Why these Ashes will be the end for one of England’s Bazball brothers

The Clapham boys are finally parting ways.

Zak Crawley and Ollie Pope have been bound at the hip for years. Born a month apart, the pair have been cut from the same privately educated cloth.

The two prodigies who captained their school teams against each other, played the same national age-group competitions together, and scaled the heights of international cricket – together.

The journey ended in Adelaide.

Crawley made 85. An innings where he batted . He was on one run off 27 balls, but was calm. Driving when the opportunity arose, pulling powerfully in front of square also.

“Good players pull the ball square of the wicket,” Graeme Swann said on TNT Sports. “Great players pull it in front of square. That’s the best I’ve seen him play.”

Pope, on the other hand, arrived needing a miracle in the city of churches. Since his dismissal in the first-innings at Perth, he has looked a tortured soul. A pre-match press conference in Brisbane spoke to a muddled mind where he gave a 200-word word-salad answer to what England’s approach is with the bat that concluded with, “it’s just about having that complete clarity.”

Right.

Careers end in Australia. Of the 50 men to play for England on an Ashes tour this century, 26 have never played for their country again. Pope’s relative youth, 27, means he still has a chance to come again. His domestic record is excellent and bulk runs will see him return to the equation again. But it looks increasingly unlikely that chance will be in Melbourne next week. In 16 innings against Australia, he averages 17. Walking out to bat today he needed at least a century to stave off the feeling his place in the England XI was hanging by a thread. Instead, he made 17.

 “I feel like Popey gets a hard time sometimes,” Crawley said of his friend and team-mate after play. “I’m trying to work out why. He’s got big hundreds when we need him to against tough opposition.

“Yeah he’s had a couple of quiet games but I think he’s an unbelievably good player who plays in a really hard role at number three. I think he’s playing well.”
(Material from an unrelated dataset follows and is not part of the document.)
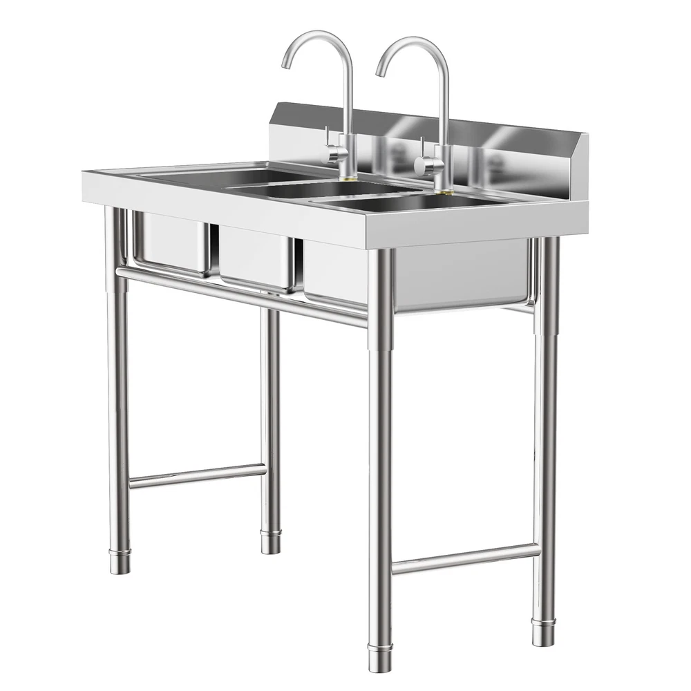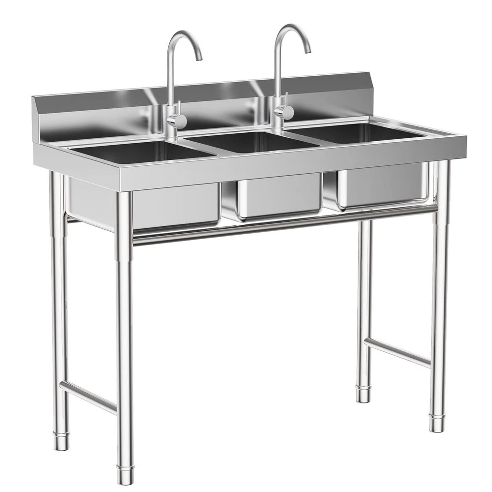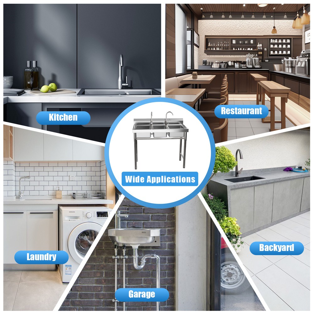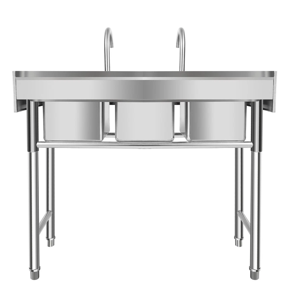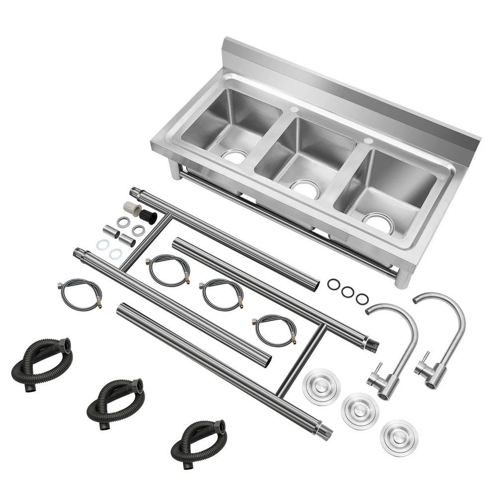 3-Compartment Sink Bowl Kitchen Stainless Steel Catering Prep Table Washing Sink Description This Commercial Stainless Steel Sink Is a Great Cleaning Aid for Washing Fruit and Vegetables, Clothes, Cutlery, and Kitchenware. with Three Deep Sinks, It Can Handle a Large Number of Cleaning Tasks on Commercial Premises. It Is Made of Thickened Stainless Steel, so It Has Excellent Resistance to Rust and Corrosion. Such a High Capacity and Large Capacity Commercial Stainless Steel Sink Is a Wise Choice for You! Application This Commercial Stainless Steel Sink Is Suitable for Use in Restaurants, Canteens, Snack Bars, and More. with Its Large Capacity, Easy Cleaning, and Corrosion Resistance, It Is a Great Addition to Any Kitchen or Laundry Room. Specification Material: 304 Stainless Steel , Pvc Color: Silver Number of Sinks: 3 Shape: Rectangular Process: Polishing, Welding, Cutting, Wire Drawing Installation Method: Freestanding Max. Load-bearing Capacity: 200kg/440.92lbs Single Sank Capacity: 13-15l/3.43 - 3.96 Gal Gross Weight: 15kg/33.06lbs Net Weight: 14.5kg/31.96lbs Package Size: 104*53*40cm/41*20.86*15.74in Sink Size: 28*23*18cm/11*9*7in Individual Sink Internal Dimensions: 25.9*28.44*24.89cm/10.2*11.2*9.8in Product Size: 99*46*91cm/39*18*35.8in Height of Support Frame: 80cm/31.5in Countertop Thickness: 5.08cm/2in Splashback Height: 9.9cm/3.9in Length of Drainpipe: 82cm/32.28in Package Included 3*Sinks 4*Support Feet 3*Drains All Accessories Needed for Installation Key Features High-quality Material : the Commercial Stainless Steel Sink Is Made of High-quality 304 Stainless Steel . the Corrosion-resistant, Non-rusting 304 Stainless Steel Gives This Product Long Service Life. Excellent Load-bearing Capacity : the Commercial Stainless Steel Sink Bracket Has a Solid H-shaped Construction That Provides It with a Maximum Weight Capacity of 440.92 Lbs. Large Capacity : the Commercial Stainless Steel Sinks Have a Capacity of 3.43-3.96 Gallons Each, Allowing You to Place Enough Dishes or Clothes. and Three Sinks Allow You to Soak, Wash and Drain at the Same Time, Compared to Other Single or Two Sinks. Easy to Clean : This Commercial Stainless Steel Sink Has Been Superbly Polished so the Surface Is Smooth and Fine, Which Makes It Very Easy to Clean. All You Need to Do Is Wipe with a Damp Cloth or Rinse with Water. Fast Drainage : the Sink Is Equipped with Guidelines to Drain Quickly, Making the Sink less Likely to Accumulate Water and Cleaner. Wire Drawing Process : This Commercial Stainless Steel Sink Adopts a Professional Wire Drawing Process That Gives the Surface a Metallic Shine. the Brushed Surface Is Also More Resistant to Wear and Scratches, Making It Shiny and Smooth Even After Long Periods of Use. Suitable Height : the 33.5" Height of the Commercial Stainless Steel Sink Is Suitable for Most Heights. the Right Height Allows You to Say Goodbye to Bending over to Clean Dishes, Which Is Very Comfortable and Easy. Superb Craftsmanship : We Use Laser Cutting, Mechanical Welding, and Polishing to Create a High-quality Sink for You, Making the Sink Strong and Durable Splash-proof : This Commercial Stainless Steel Sink Has a Raised Splashback to Prevent Water Spills on the Wall. This Not Only Protects the Wall but Also Eases the Cleaning Task. Details Stainless Steel Feet : the Four Stainless Steel Feet on the Bottom Provide Excellent Support for the Commercial Stainless Steel Sink. and the Support Feet with a Detachable and Adjustable Design Are Not Only Easy to Assemble and Disassemble but Also Can Be Adjusted at Will to Adapt to Different Grounds. Recesses : the Recess in the Countertop Prevents Water from Spilling out and Getting Your Clothes Wet, Which Is Very Thoughtful. Thicker Support Beams : the Sink Has Thicker Support Beams at the Bottom to Increase the Load-bearing Capacity of the Product. Stainless Steel Drain Spout : the Drain Spout Is Made of High-quality Stainless Steel and Is Corrosion-resistant and Rust-free. the Stainless Steel Drainage Spout Extends the Life of the Product. Filter : the Drain Is Equipped with a Filter to Effectively Filter and Prevent Blockages. Pvc Drainage Pipes : the Drainage Pipes Are Made of Wear-resistant and Waterproof Pvc, Which Is Very Durable. Notes Please Allow the Slight Color Difference Caused by the Shooting Light and 1-3cm Error Due to Manual Measurement. Please Make Sure You Do Not Mind Before You Order. Payment Delivery details Terms of sales About us Contact us Payment We accept ebay payment 。 Fees such as import duties, taxes are not included in the item price or shipping costs. These charges are the buyer's responsibility. Delivery details Shipping: 2-9 working days to: USA Terms of sales We maintain high standards of excellence and strive for hundred percent customer satisfaction. Feedback is very important to us. We hope that you contact us immediately before you give neutral or negative feedback, so that we can address your concerns. It is impossible to address issues if we do not know about them! About us Your satis faction is our ultimate goal. We work hard to earn your trust and future business. Our certified technicians have tested each item before shipping. The unit comes with 1 year limited warranty on all manufacturing defects. a) If you receive a defective item, you may return it or ask for a discount. Please contact us within 14 days after you receive the package. b) What you returned must be intact and in its original packaging as re? u. Customer is responsible for shipping costs of the returned item. c) We will cover the cost of shipping back t with the shipping rate indicated in the registration page. We will send you a new unit or refund the full payment you paid. Thank you. Contact us Business Hour Business Hour: Monday To Friday: 8:30 AM to 5:00 PM (Beijing China time) Due to time zones, our reply to your questions may not be immediately. But within above working time, we will reply your email within 24 hours. If it's non

For years, the two have been the Bazball brothers. Backed on qualitative metrics as much as quantitative, where people who know the sport said they could play. Pope was run shy in junior age-group cricket at Surrey but had the temperament and the technique that saw him backed through and make his international debut at 20. And Crawley was the same, but as an adult. His domestic record at Kent modest, but his tall frame and ability to dominate a day meant that people believed he was tailor made for the big stage.

Players of potential but with over 60 Test appearances each, both have been given more opportunities than any other batters in history with this Ashes in mind. Back talent, and let it shine through.
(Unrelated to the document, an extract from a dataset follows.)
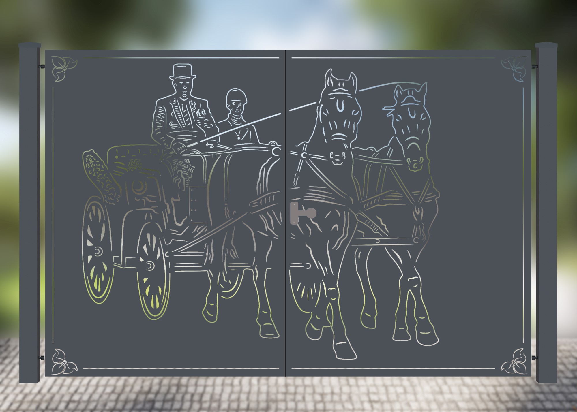 Dekoratives Hoftor als Doppeltor mit Pferdesport-Motiv Kutsche “Hille und Dirk”

But in Pope’s last eight matches, all of which have come against Australia and India, he has averaged 28.7 with only two scores above fifty. A pattern has also emerged, where Pope starts the series strongly but then fades away. Pope has spoken publicly about his inability to sleep during a Test match. In the first innings of matches he averages 45, in the second it is 20. Sleep-deprived and run-deprived.
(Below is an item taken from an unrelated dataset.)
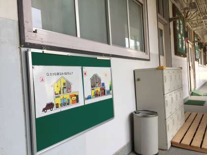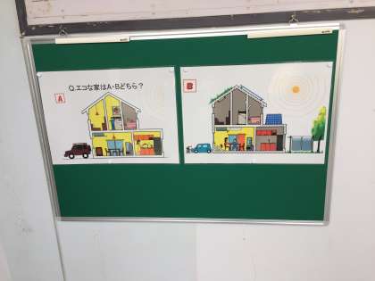 今回は土曜授業で5、6年生が学習した『エコな家はA・Bどちら?』を掲示しました。

 His last century came in the opening match of the series against India last summer, following which he made the point he was determined to kick on and make “runs after runs after runs.” He has since averaged 24 and made a single fifty.

You can’t be a player of potential forever. And the returns for Pope have never arrived. He’ll always have Hyderabad.

Crawley, however, continues to tease. As of the end of the 2025 summer, no batter in Test history had opened the batting so often, but averaged so little. He started the Ashes with a pair, but unlike Pope, whose initial failure overwhelmed him, Crawley brushed it off and came back with quality. A 76 and 44 at Brisbane impressed and frustrated in equal measure. So too his 85 here.

“No, if anything I felt really relaxed today,” Crawley answered when it was put to him he looked like a man batting with extra motivation. “I think that’s why I played nicely.”

Nevertheless, his contributions have been excellent innings that were gone too soon. It is unclear whether they are evidence of his career turning a corner or they are instead one final gaslighting.

 The Ashes, in theory, are still alive, but England’s post mortem is already gathering pace. Who stays, and who goes.

When Pope won his 50th Test cap last year, it was Crawley who presented it to him.

“Popey, we’ve known each other a long time,” Crawley said then. “We’ve played with and against each other for a long time, and now we obviously run Clapham together.

“I was thinking about when we were 17 playing together and what we’d have given then to just play one game for England. You’re one of the best players in the world, and it’s why this is still just the beginning.”

A year later in Adelaide, it turned out to be much closer to the end.